Most DNA repair mechanisms were studied in differentiated cells, in which DNA synthesis proceeds only during a small proportion of the cell cycle, and can be temporally arrested for the repair of damaged DNA sequences [5,6,7]. At the same time, it was shown that the repair mechanisms are considerably different, even between proliferating and postmitotic cells in adult organisms [8,9]. In this regard, it can be expected that the mechanisms of DNA synthesis and repair in the quickly dividing cells at early developmental stages might also differ from those observed in the cells of an adult organism.
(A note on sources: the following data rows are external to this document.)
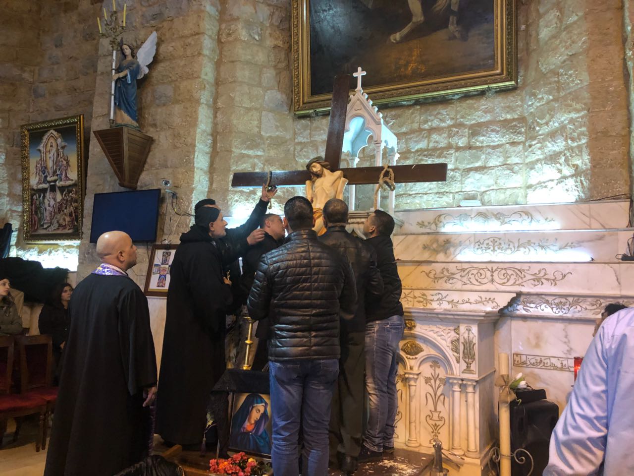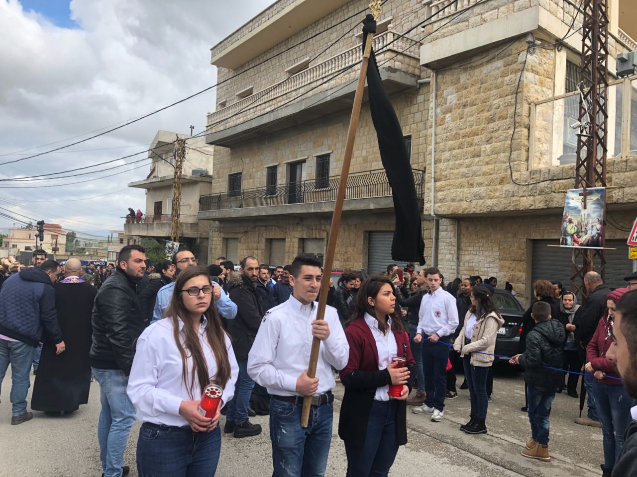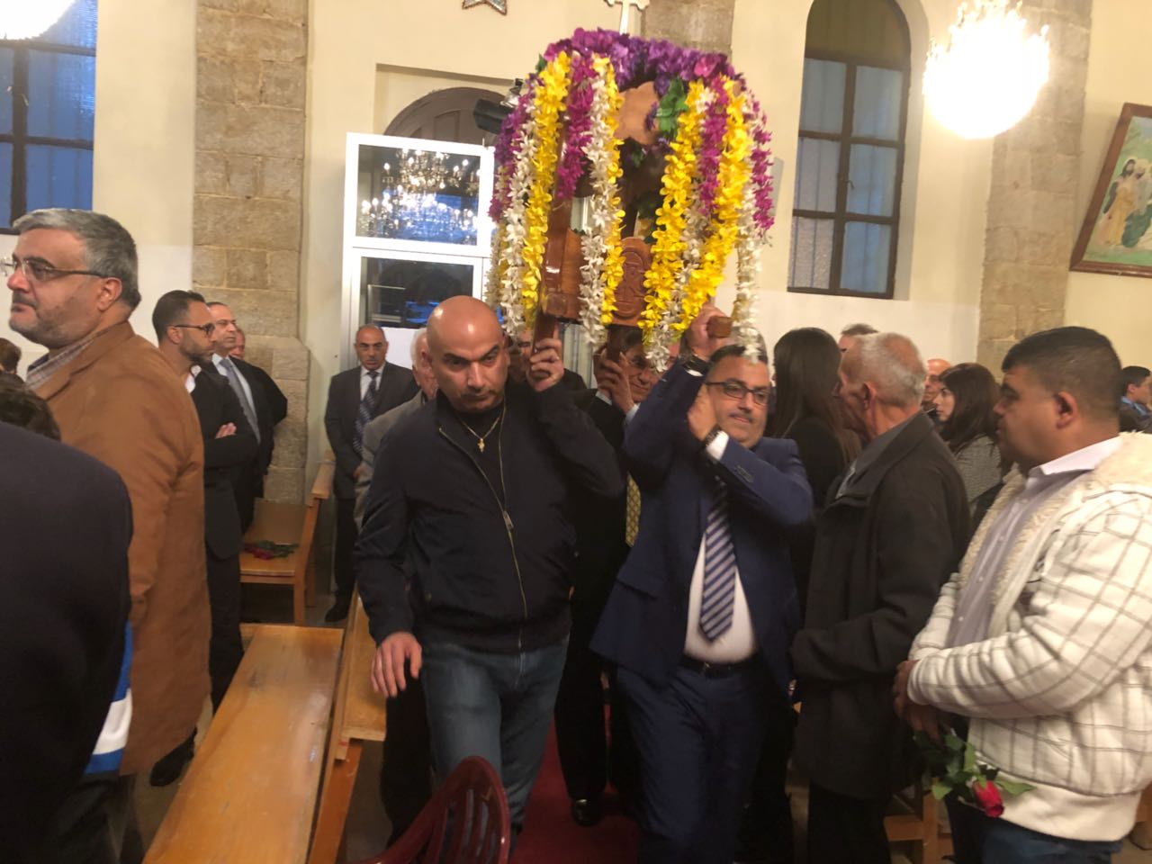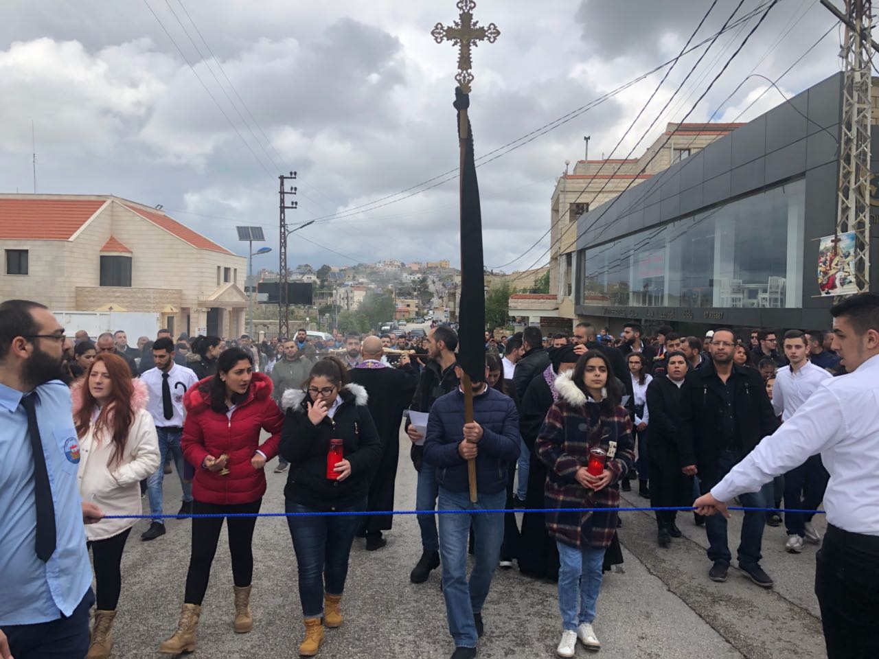 وشارك المؤمنون بتطواف الصليب، فجابوا الأحياء والشوارع الداخلية للبلدة، لإحياء آلام السيد المسيح، يتقدمهم كاهن الرعية الأب حنا الخوري والأب شربل برقاشي، على وقع التراتيل وموسيقى الفرقة الأسبانية. وتوجهت المسيرة إلى الكنيسة الإنجيلية الوطنية وسط البلدة، ومنها إلى كنيسة القديس جاورجيوس للروم الأورثوذكس، ثم انتقلت إلى كاتدرائية القديس بطرس للروم الكاثوليك، واختتمت مراحل آلام السيد المسيح في كنيسة سيدة الخلاص المارونية برتبة دفن المصلوب.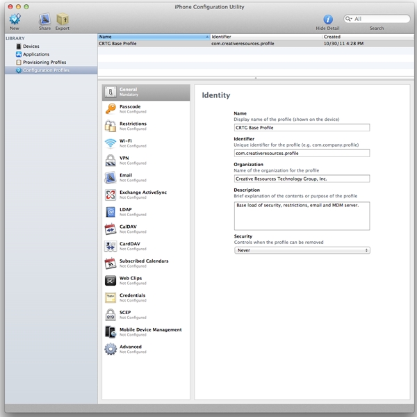 The data on a configuration profile can contain sensitive information such as account information and passwords. iPCU allows three options for exporting out the profiles you have built and protect your data.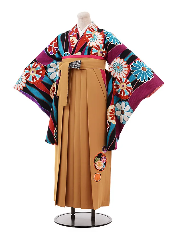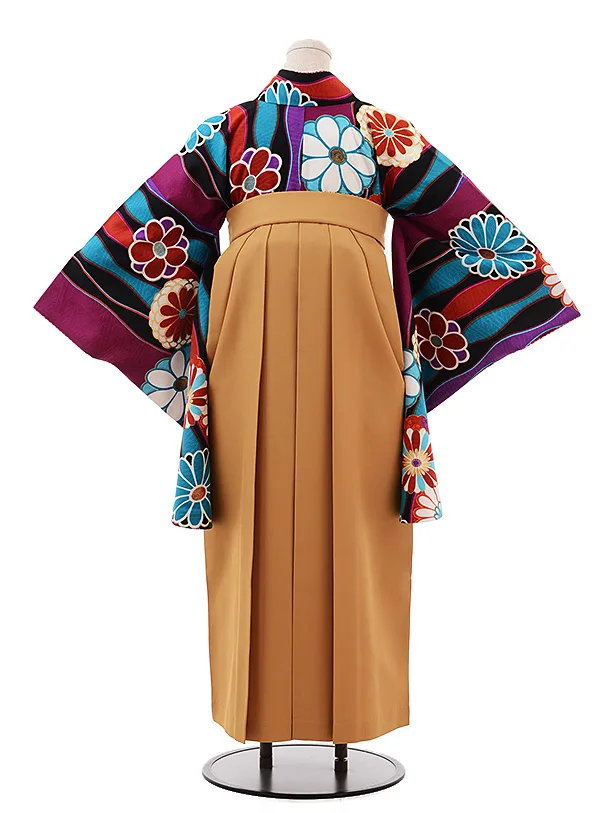 卒業式袴レンタル h245 九重 パープル地 菊×からし色袴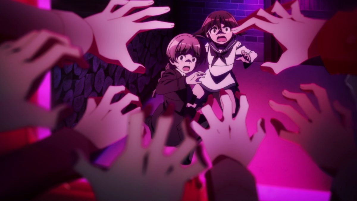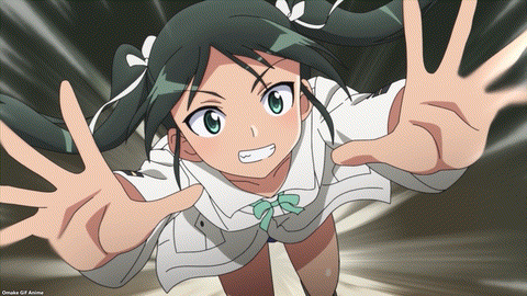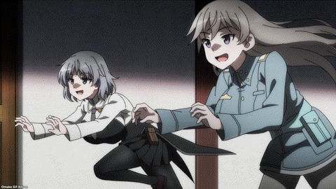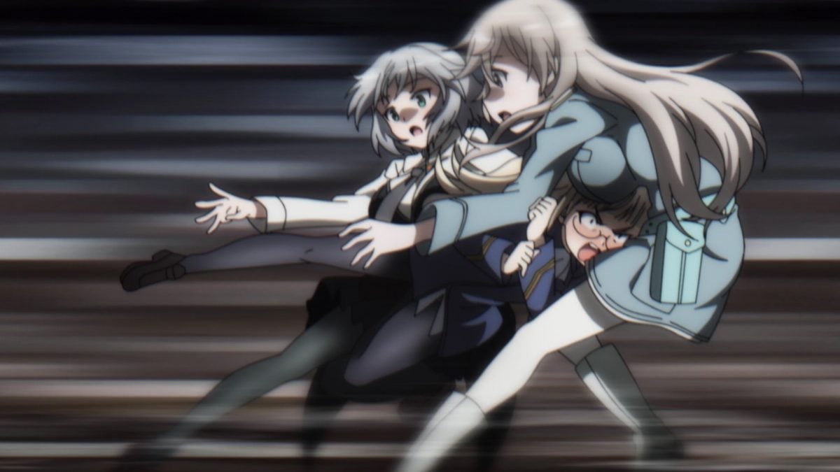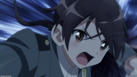 Who’s the next victim on Strike Witches’ House of Oppai Horrors? Sanya and Eila chase Perrine and Lynne. This fanservice show has us covered coming and going. A flashback to the first season and celestial rays of censorship! Perrine’s flat justice serves Sanya and Eila um, er, justice. Oh no. Perrine received a stray grope during her tackle. It’s like a zombie or vampire movie. Shizuka sacrificed herself to buy time for Yoshika and Lynne. I’m sure she just wanted to experience having big boobs for a little while.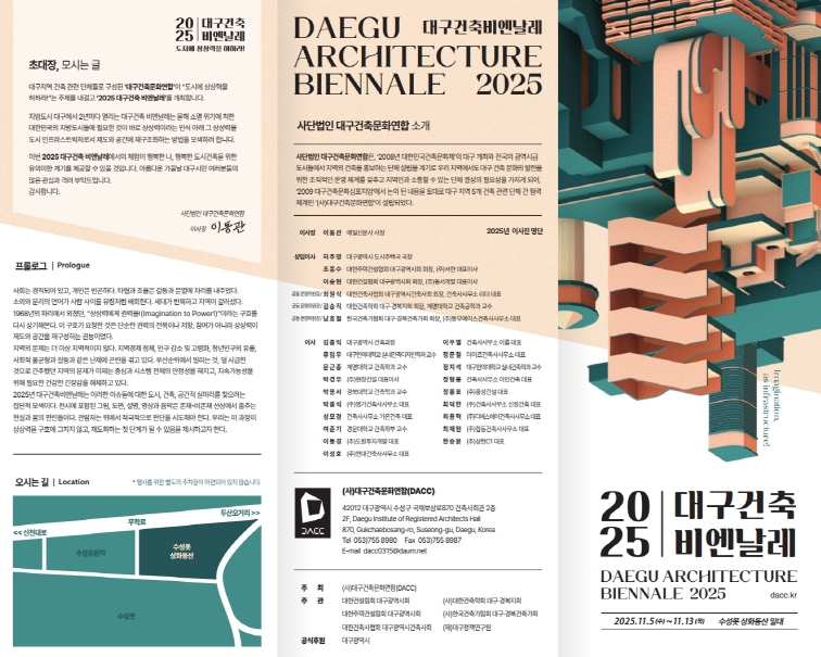 초청전시에서는 ‘2025 대구광역시 건축상’ 수상작, ‘대구건축 아카데미’ 작품, ‘대구건축사회 우수작품’ 등이 소개된다.
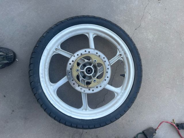 Detalles del productoRueda delantera y trasera de Honda NS1 75cc del año 1992. Llanta de aleación blanca con disco de freno.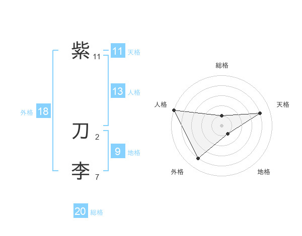 紫 刀李さんの総格は20画の1点!
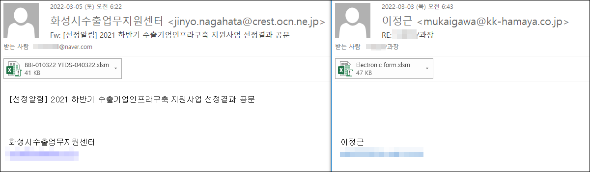 상기 이메일과 첨부파일을 확인할 경우 주의가 필요합니다.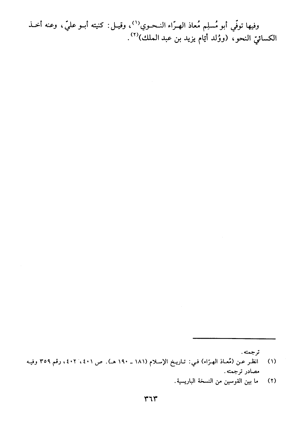 وَفِيهَا تُوُفِّيَ أَبُو مُسْلِمٍ مُعَاذُ الْهَرَّاءُ النَّحْوِيُّ، وَقِيلَ: كُنْيَتُهُ أَبُو عَلِيٍّ. وَعَنْهُ أَخَذَ الْكِسَائِيُّ النَّحْوَ، (وَوُلِدَ أَيَّامَ يَزِيدَ بْنِ عَبْدِ الْمَلِكِ) .
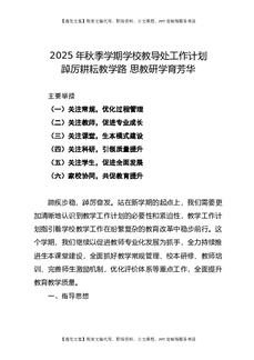 2025年秋季第一学期学校教导处工作计划:踔厉耕耘教学路,思教研学育芳华(文稿).docx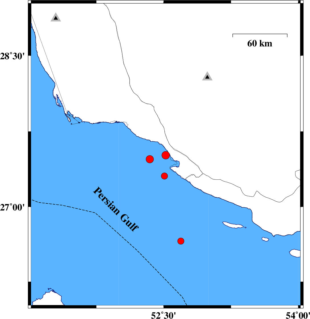 | 2025/08/29 | 13:11:51.5 | 16:41:51.5 | 27.474 | 52.346 | 12 | ML:3.8 | Persian Gulf, 40 km South of Jam |

To a certain degree this hypothesis relies on the fact that many processes of DNA repair are characterized by a slow rate since they are quite complex and proceed through multiple steps [10,11]. Consequently, the fast division of cells in embryos can exclude the contribution of at least some of these repair processes.
One of the main sources of mutations in cellular DNA might be conditionally-provoked by the misincorporating activity of one or multiple DNA polymerases [12,13]. The decrease of overall fidelity in DNA synthesis might be caused by the presence of increased concentrations of bivalent metal cations like Cd2+ and Mn2+ [12,14,15].
DNA polymerase iota (Pol ι) participates in various types of translesion DNA synthesis and is the most error-prone polymerase among repair DNA polymerases [16,17]. This enzyme is characterized by strong activation of error-prone DNA synthesis in the presence of Mn2+ ions [18,19]. We have previously demonstrated that the highest Pol ι activity is observed in the tissues of mouse embryos, compared to newborn and adult mice [20]. This points towards possible special roles for Pol ι in DNA synthesis and repair in the cells of developing organisms. At the same time, the role of Pol ι in these processes remains largely obscure and requires further investigation. In the current paper, we have assayed the changes in DNA synthesis and the repair of DNA synthesis products bearing misincorporated nucleotides in cell extracts of loach larvae in comparison with intact adult fish.

2. Materials and Methods

2.1. Generation of Transgenic Loach Larvae Bearing Gene Encoding DNA Polymerase Iota

DNA fragments corresponding to human Pol ι cDNA along with 60 bp 5’-untranslated region sequence were inserted between the NcoI and BamHI sites of pEGFP-C1 vector (Clontech, Montain View, CA, USA), downstream of a cytomegalovirus (CMV) promoter, to generate the fusion protein eGFP-POLI (pEGFP-POLI vector), as described previously [21]. The plasmid containing cDNA encoding an inactive mutant form of the Pol ι protein (D126A-E127A) fused with eGFP was generated using site-specific mutagenesis of pEGFP-POLI vector by Evrogen (Moscow, Russia). To obtain transgenic 5–10 day loach larvae (Misgurnus fossilis L), the linearized recombinant DNAs encoding active or inactive forms of human Pol ι were injected into fertilized eggs at the germinal disc stage, as was previously described [21]. The expression of Pol ι in loach larvae was detected by Western blotting, and the activity of Pol ι was determined by primer extension reaction (the procedures and figures were presented in our previous work [21]).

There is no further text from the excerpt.